Like I said I'm not claiming that PCIE5x8 vs PCIE4x4 is going to make or break your speeds, but that's a far cry from trying to claim "PCIE3x1 is fine" with a completely different memory configuration.
AdamDhahabi@reddit
You're right, I overlooked the training part the OP mentioned.
cybran3@reddit
I ordered 2x 5060 Ti 16GB, they should be arriving any time now. I choose the 5060 instead of 3090 just because it’s gonna last me longer, and used GPUs are hit or miss and I don’t want that kind of trouble.
snorixx@reddit (OP)
Okay what Mainbord/Platform do you use, Consumer oder Server?
FieldProgrammable@reddit
Dual PCIE5x8 consumer boards are rarer but they do exist. You can also get a bifurcation riser for a slot wired for x16 to split it into two x8 slots (assuming the MB supports bifurcation which many do). If you are only going to be using two cards, then a server CPU/MB doesn't make much sense cost wise.
I have an Asus ProArt X870E, that also does dual PCIE5x8 and has plenty of other high end features if you are looking for those (10GB ethernet, PCIE5x4 M.2, shitloads of USB 3.2 ports).
cybran3@reddit
I ordered Gigabyte B850 AI TOP. It supports 2x PCIe 5.0 8x at maximum speeds. It’s a consumer board tho, I’ll pair this with Ryzen R9 9900x and 128 GB 5600 MT/s of RAM.

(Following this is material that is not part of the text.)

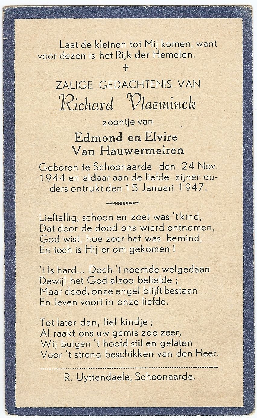Richard Vlaeminck Geboren: 24 november 1944 30 29 — Schoonaarde Overleden: 15 januari 1947 — Schoonaarde |
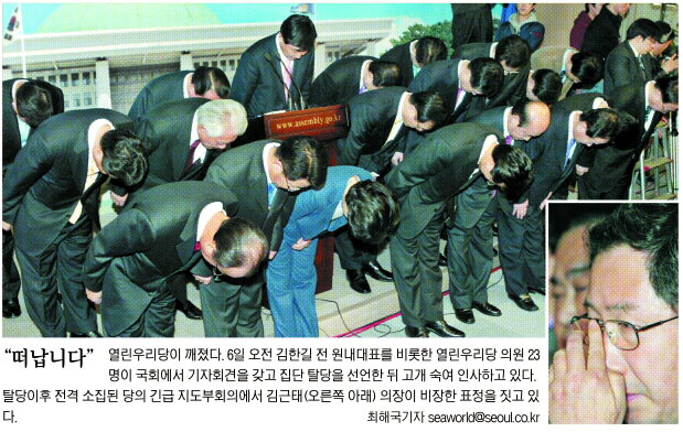 우리당 23명 집단 탈당… 정계개편 경쟁구도로

AppearanceHeavy6724@reddit
I kinda agree. I also thought about used 3090, but I jusged that I already have 3060 and to accomodate 3090 I need to replace PSU. So instead I am buying 5060ti once they get below $500 on our local market.
tmvr@reddit
Two of those cards alone cost USD800 (or in EU land about 860EUR). Check how many hours of 80GB+ GPUs you can rent for that amount (and that without upfront payment).
Direct_Turn_1484@reddit
Sure. But that’s not local.
snorixx@reddit (OP)
Thanks I will consider that too
AmIDumbOrSmart@reddit
sup, I have 2 5060 ti's and a 5070 ti. The 5060's are on a pcie 4.0 x4 lanes (probably heavily bottlenecked) and the 5070 ti is on an 5.0 x16. Can run q4km 70b models at 6k context at around 10 tokens a second or so.